In the last few months, female voices are getting louder, the discontent over the gender wage gap is getting stronger and we're rallying the way we did decades ago when we wanted the opportunity to vote in America. Today, I woke up to learn that five players from the World Cup-winning U.S. national team have accused the U.S. Soccer Federation of wage discrimination in an action filed with the Equal Employment Opportunity Commission.
Women soccer players want equal pay and they should get it. It's an awesome goal.
The soccer players' lawsuit comes only weeks afters the subject of equal pay in tennis grabbed headlines.

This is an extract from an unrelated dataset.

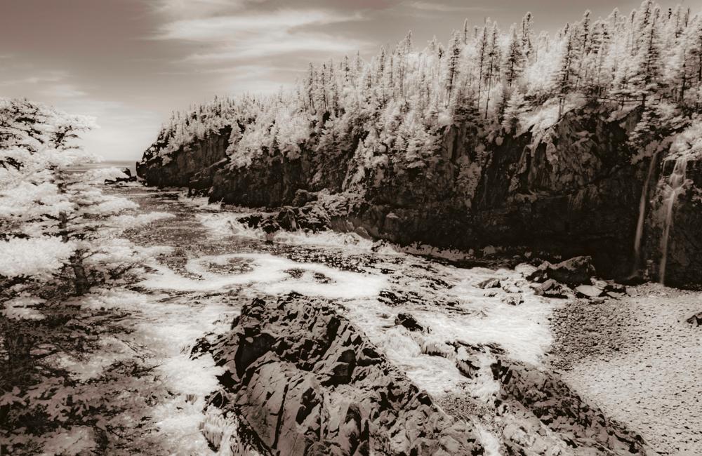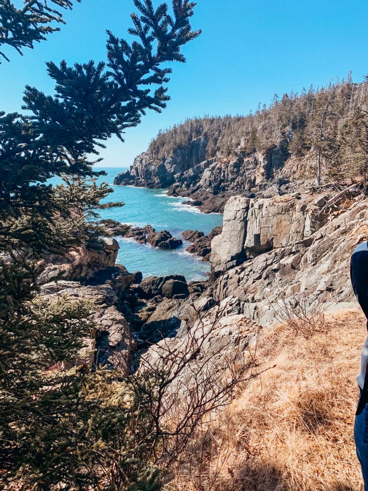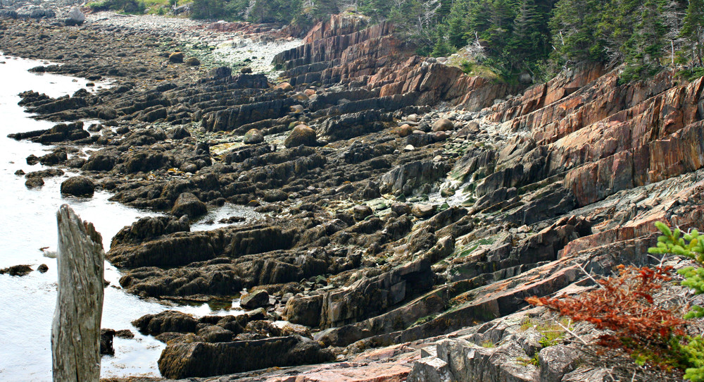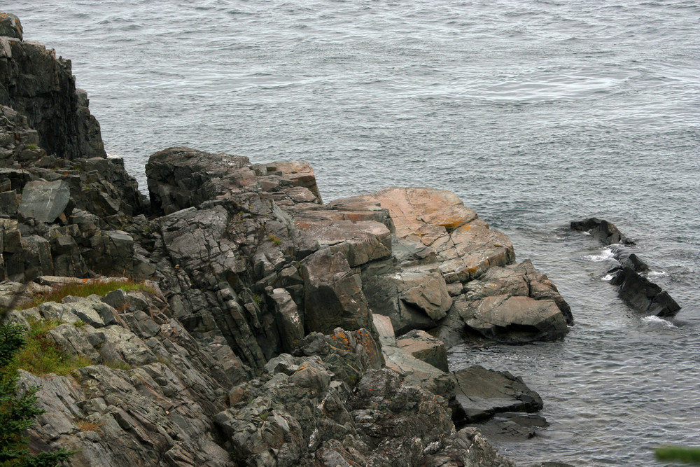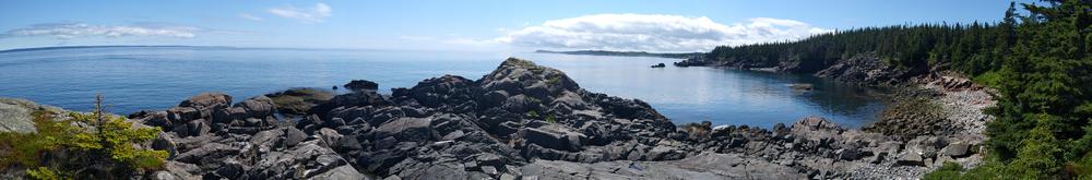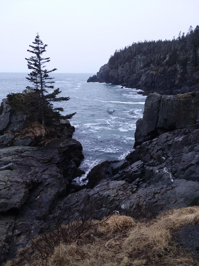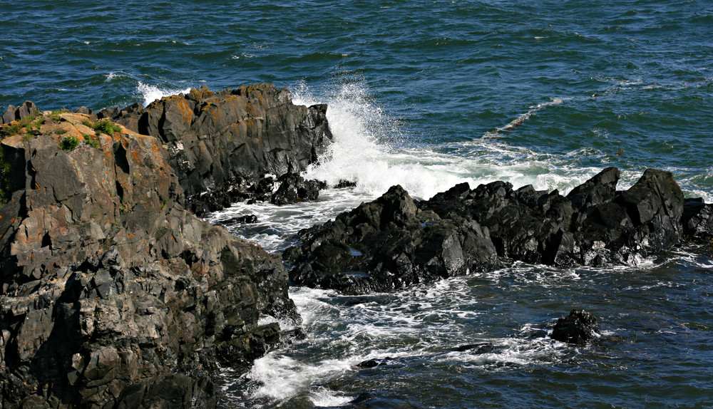 Coastal Trail (1.3 miles, moderate): The Coastal Trail (4-mile round-trip from the trailhead) affords more challenging terrain (and spectacular ocean views), with some steep rocky sections. The trail passes Gulliver’s Hole (a narrow chasm formed from the erosion of a vertical fault in the volcanic gabbro rock); High Ledge (a 150-foot bluff); and Green Point, a ledge outcropping where hikers can witness the surging tides and pounding surf. The trail looks over Quoddy Channel to the towering red cliffs of Grand Manan Island in New Brunswick Canada.

It started with awful comments by BNP Paribas Opentournament CEO Raymond Moore said female players in the Women’s Tennis Association “ride on the coattails of the men.” He followed up by suggesting that women should “go down every night on [their] knees and thank God that Roger Federer and Rafa Nadal were born, because they have carried this sport. They really have.” Moore has since issued an official apology for his “erroneous” comments that were in “poor taste.” But Novak Djokovic, the world’s top men’s player, who won on the men’s finals this weekend, added more fuel to the fire, saying that men should “fight for more” money because their matches have more spectators that those played by women.

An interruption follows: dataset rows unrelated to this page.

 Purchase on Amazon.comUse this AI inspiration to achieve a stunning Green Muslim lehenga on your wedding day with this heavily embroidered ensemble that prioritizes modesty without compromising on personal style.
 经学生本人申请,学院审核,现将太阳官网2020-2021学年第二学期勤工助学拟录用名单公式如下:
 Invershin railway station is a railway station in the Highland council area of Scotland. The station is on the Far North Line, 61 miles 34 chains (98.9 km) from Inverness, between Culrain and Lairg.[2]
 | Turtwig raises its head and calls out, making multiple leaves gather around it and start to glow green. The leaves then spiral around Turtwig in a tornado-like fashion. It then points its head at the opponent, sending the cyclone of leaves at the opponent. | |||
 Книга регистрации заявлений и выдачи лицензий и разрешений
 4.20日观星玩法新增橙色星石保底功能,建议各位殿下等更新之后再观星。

Serena Williams, wasn't going to take that and fired back, saying “I think Venus, myself, a number of players—if I could tell you every day how many people say they don’t watch tennis unless they’re watching myself or my sister—I couldn’t even bring up that number,” she added.
Serena got her point across. Moore took so much heat for his comments about women's pay that he announced he was stepping down as CEO of the tournament.

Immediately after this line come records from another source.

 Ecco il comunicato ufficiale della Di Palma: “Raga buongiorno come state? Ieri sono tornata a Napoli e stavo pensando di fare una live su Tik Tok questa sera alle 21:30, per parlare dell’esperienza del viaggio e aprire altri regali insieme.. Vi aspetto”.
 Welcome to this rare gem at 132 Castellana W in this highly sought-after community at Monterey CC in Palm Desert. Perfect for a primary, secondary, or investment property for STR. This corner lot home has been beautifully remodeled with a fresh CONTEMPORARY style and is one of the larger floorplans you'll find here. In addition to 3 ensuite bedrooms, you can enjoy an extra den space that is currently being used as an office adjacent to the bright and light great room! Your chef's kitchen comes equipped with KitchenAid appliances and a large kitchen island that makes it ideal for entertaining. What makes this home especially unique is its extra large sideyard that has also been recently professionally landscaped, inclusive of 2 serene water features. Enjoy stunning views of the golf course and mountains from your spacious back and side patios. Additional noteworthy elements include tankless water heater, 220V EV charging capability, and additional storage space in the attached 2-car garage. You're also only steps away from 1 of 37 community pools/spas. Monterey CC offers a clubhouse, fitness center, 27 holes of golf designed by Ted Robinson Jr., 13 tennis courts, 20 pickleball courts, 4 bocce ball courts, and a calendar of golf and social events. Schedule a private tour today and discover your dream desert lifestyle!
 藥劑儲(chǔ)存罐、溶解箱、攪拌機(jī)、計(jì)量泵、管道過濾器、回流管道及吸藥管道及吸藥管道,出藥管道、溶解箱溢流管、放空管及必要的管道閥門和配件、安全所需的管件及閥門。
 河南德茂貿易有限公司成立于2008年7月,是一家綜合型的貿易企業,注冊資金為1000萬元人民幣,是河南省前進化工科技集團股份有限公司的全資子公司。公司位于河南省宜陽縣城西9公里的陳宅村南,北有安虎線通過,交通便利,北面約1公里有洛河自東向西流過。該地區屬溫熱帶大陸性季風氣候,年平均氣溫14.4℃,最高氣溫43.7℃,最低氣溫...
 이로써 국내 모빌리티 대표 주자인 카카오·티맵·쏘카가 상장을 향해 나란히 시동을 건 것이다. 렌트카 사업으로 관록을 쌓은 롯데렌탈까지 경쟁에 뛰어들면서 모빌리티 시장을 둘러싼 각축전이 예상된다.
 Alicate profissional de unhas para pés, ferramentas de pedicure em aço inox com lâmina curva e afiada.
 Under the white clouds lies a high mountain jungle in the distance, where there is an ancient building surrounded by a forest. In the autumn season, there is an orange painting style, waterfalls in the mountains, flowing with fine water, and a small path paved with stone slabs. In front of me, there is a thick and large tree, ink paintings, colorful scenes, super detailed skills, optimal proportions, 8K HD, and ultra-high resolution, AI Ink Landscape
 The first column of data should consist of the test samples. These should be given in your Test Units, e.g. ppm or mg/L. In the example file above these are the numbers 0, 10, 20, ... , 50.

Outside of the sports world, the call for fair pay has cropped up in other professions. In my Miami Herald column yesterday, I wrote about young female lawyers in Florida surveyed by the Florida Bar who complained of inequities in compensation in the legal industry. Their collective voices are bringing attention to the issue in the legal community.
And then there is the attention Jennifer Lawrence has brought to equal pay in Hollywood for actresses. In a widely read essay Jennifer addressed wage gap in Hollywood, which was made explicitly clear to her after the Sony hacking scandal revealed she was paid less than her male co-stars in "American Hustle." She wrote that she wasn't so much upset with Sony as she was with herself, believing she "failed as a negotiator." She attributed this failure to "an element of wanting to be liked that influenced my decision to close the deal without a real fight. I didn't want to seem 'difficult' or 'spoiled.'"
Her piece sparked not only sparked discussion, it launched the Women Entertaining Change movement in Hollywood in which actresses and female directors are speaking out about fair pay and opportunities for women. The Today Show has been highlighting outspoken women in Hollywood and their demands for an equal playing field.
Women may have gotten the Equal Pay Act in 1963, making it illegal to pay men and women differently for the same type of work, but today, women are still paid, on average, only 78 cents for every dollar a man earns. For women of color, that pay gap is even wider. In 2009, President Obama signed the Lilly Ledbetter Fair Pay Act, intended to restore and improve on equal pay law.
My mother's generation went mostly for jobs that were set aside for women. My generation fought to ascend into careers that had been off limits and we're still fighting to get the leadership positions in businesses that we think we deserve. Now come the millennial women and they assume they are going to be business leaders, law firm partners, world renowned athletes and Oscar winning actresses -- and they want to be paid equally for it. They are speaking out about it -- loudly.
I believe they will be heard.
Not because the men want to hear them, but because they no longer can afford not to hear them. These women are their daughters, their wives, their bosses.They are smart, competent, and increasingly well educated and think big. They are saving lives, directing corporate strategy, winning sports events, bringing audiences to the movie theaters, representing litigants, discovering cures and inspiring the next generation of women who will make a difference in the world.
These young women see that they are sacrificing as much as men and working just as much and they want to be appreciated for it. Not with praise or trophies but with equal treatment and compensation.
Their voices are loud. Their strategies are targeted. Their actions are creating dialogue. I believe the time is now and equal pay is in their grasp.